# Cherry and Buttons



## MissPorter13 (Jun 20, 2012)

Just thought I'd put up a picture of my mousies enjoy their treat. You wouldn't know from the way Buttons behaves that he was wild, him and Cherry share everything and are inseparable! I've definitely satisfied my curiosity about domestic and wild being able to live together (they do very well and are all happy and healthy). 
The pet-girls in with him, Cherry and Blossom, are really relaxed and chilled out, they'll take a nap anywhere and tend to just crash out on top of their bedding so it's really interesting to see the difference in instinct I suppose between wild and domestic. Buttons will immediately set about building a perfect and elaborate nest as soon as he gets his paws on the paper/hay! It has multiple chambers and tunnels and seems to be almost woven together. 
I don't know if it's something that just develops with age (they're 9wks) but I would swear Buttons has taught them/they've learnt off of him how to make up the nest as it's now a team effort to build the house after a clean out.
Anywayyy I've rambled, but for me this little trio are fascinating to watch and certainly have me thinking a lot more about why they do what they do.

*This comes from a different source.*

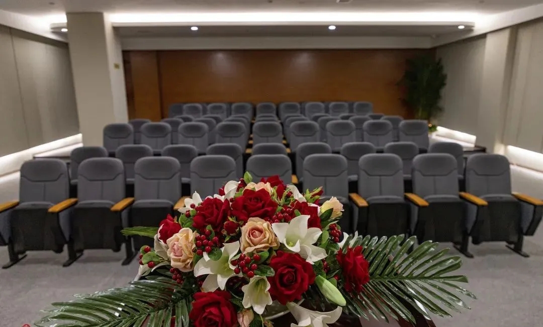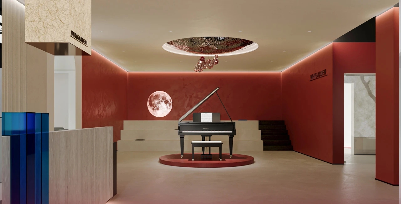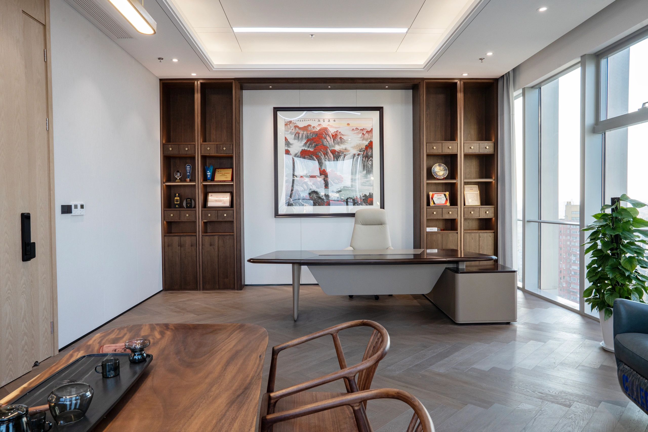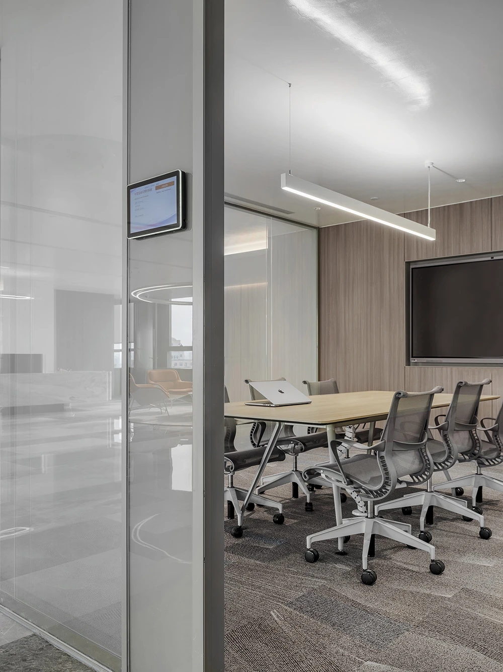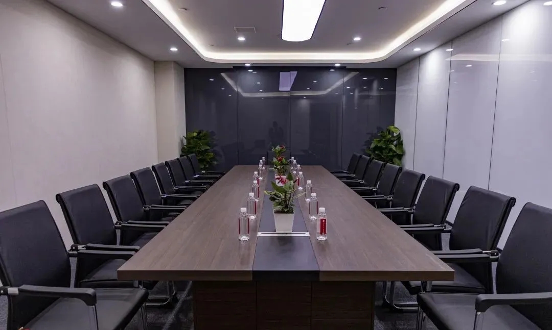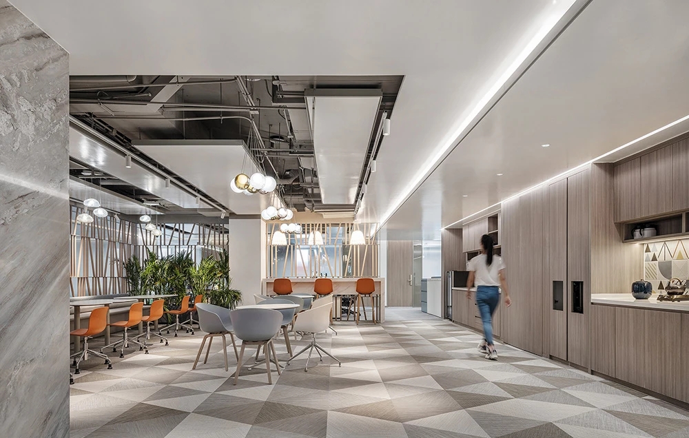 难点2:电梯次入口正对着的方向,即东面三角形状的玻璃幕墙。如何化解空间中的冲突并有效利用它?设计上想到用“圆”的形体,将其置于二者之间。设计团队将这个圆形空间设计成封闭的冥想室,这样不仅削弱了三角形的斜面、又让电梯厅次入口有了遮挡,有效地缓和了空间中的不规则,同时让空间多了一些变化。

These were some very happy mice :lol:


----------



## Frizzle (Oct 6, 2011)

Do you know what species Buttons is?


----------



## MojoMouse (Apr 20, 2012)

This is so interesting! It's not surprising that Buttons is such a builder - it's wild type behaviour, after all, and males are often the most fastidious and creative when it comes to building their nests and tunnels. The question is how much Cherry and Blossom are learning from him, as opposed to their natural instincts kicking in as they mature, and have access to the materials. With females and their daughters, a breeder over here who developed the concept of "natural mouseries" observed that mice domestic mice very quickly started to get the hang of building, simply by being given the right materials as part of their substrate.

I've noticed that with material such as coconut coir and hay, mice can become very adept at weaving the walls together. It's fascinating!

Your group sound like quite the happy family!  Is the male a common wild type, or a different species?


----------



## MissPorter13 (Jun 20, 2012)

We're not entirely sure, we don't want him breeding with the girls but don't want him living alone either so fingers crossed he's a Wood Mouse (we think he is). 
And yes it's so interesting to see their behaviour changing so much when they're exposed to new things!
It's so nice because they seem to really adore each other, so often we'll go in to find them all sat in a circle in their bowl sharing a treat or in a big tangled pile all cleaning and grooming eachother. 
It's mousey love! :love1


----------